Segment Start: Data excerpt
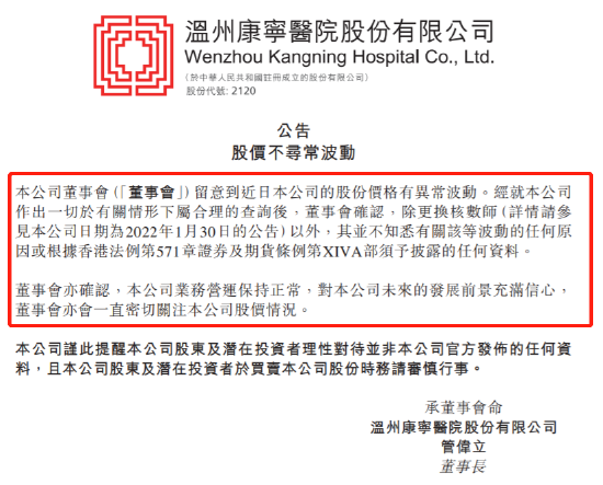 热点栏目 康宁医院发布公告表示,董事会留意到近日公司的股份价格有异常波动。经就公司作出一切于有关情形下属合理的查询后,董事会确认,除更换核数师以外,其并不知悉有关该等波动的任何原因或根据香港法例第571章证券及期货条例第XIVA部须予披露的任何资料。(小浪注:公司股价自1月30日更换核数师跌了近50%)
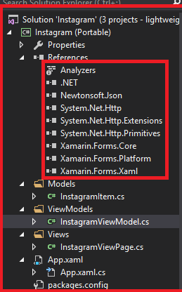 Add References now. For that, go to Solution Explorer >> Instagram(PCL)app >> right click on References >> Add References. Add the given references.
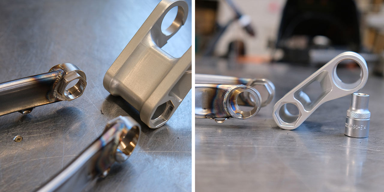 Důvodem tohoto řešení je snazší výroba tohoto důležitého detailu. Ten zajišťuje jak dostatek tuhosti zadní stavby, tak současně i prostupnost pro zadní kolo ale současně obchází nutnost složitého provařování v tomto místě. Benefitem tohoto hliníkového dílu je pak navíc ještě i nižší hmotnost, která se v tomto případě určitě hodí.
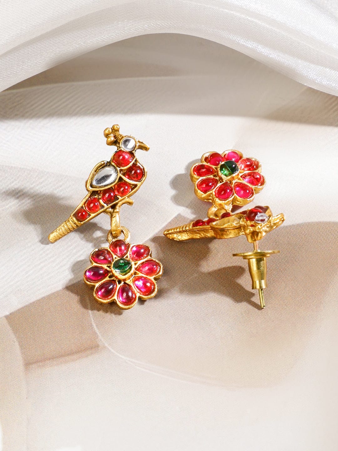 This 22K gold-plated temple jewellery set features a divine Lord Balaji motif on a multi-layer mesh choker, adorned with ruby red and green stones. Paired with floral dangler earrings, it’s perfect for women & girls to wear at weddings and traditional festivities.
Segment End: Data excerpt
Repeat the data above exactly; images are not part of the copy.

 热点栏目 康宁医院发布公告表示,董事会留意到近日公司的股份价格有异常波动。经就公司作出一切于有关情形下属合理的查询后,董事会确认,除更换核数师以外,其并不知悉有关该等波动的任何原因或根据香港法例第571章证券及期货条例第XIVA部须予披露的任何资料。(小浪注:公司股价自1月30日更换核数师跌了近50%)
 Add References now. For that, go to Solution Explorer >> Instagram(PCL)app >> right click on References >> Add References. Add the given references.
 Důvodem tohoto řešení je snazší výroba tohoto důležitého detailu. Ten zajišťuje jak dostatek tuhosti zadní stavby, tak současně i prostupnost pro zadní kolo ale současně obchází nutnost složitého provařování v tomto místě. Benefitem tohoto hliníkového dílu je pak navíc ještě i nižší hmotnost, která se v tomto případě určitě hodí.
 This 22K gold-plated temple jewellery set features a divine Lord Balaji motif on a multi-layer mesh choker, adorned with ruby red and green stones. Paired with floral dangler earrings, it’s perfect for women & girls to wear at weddings and traditional festivities.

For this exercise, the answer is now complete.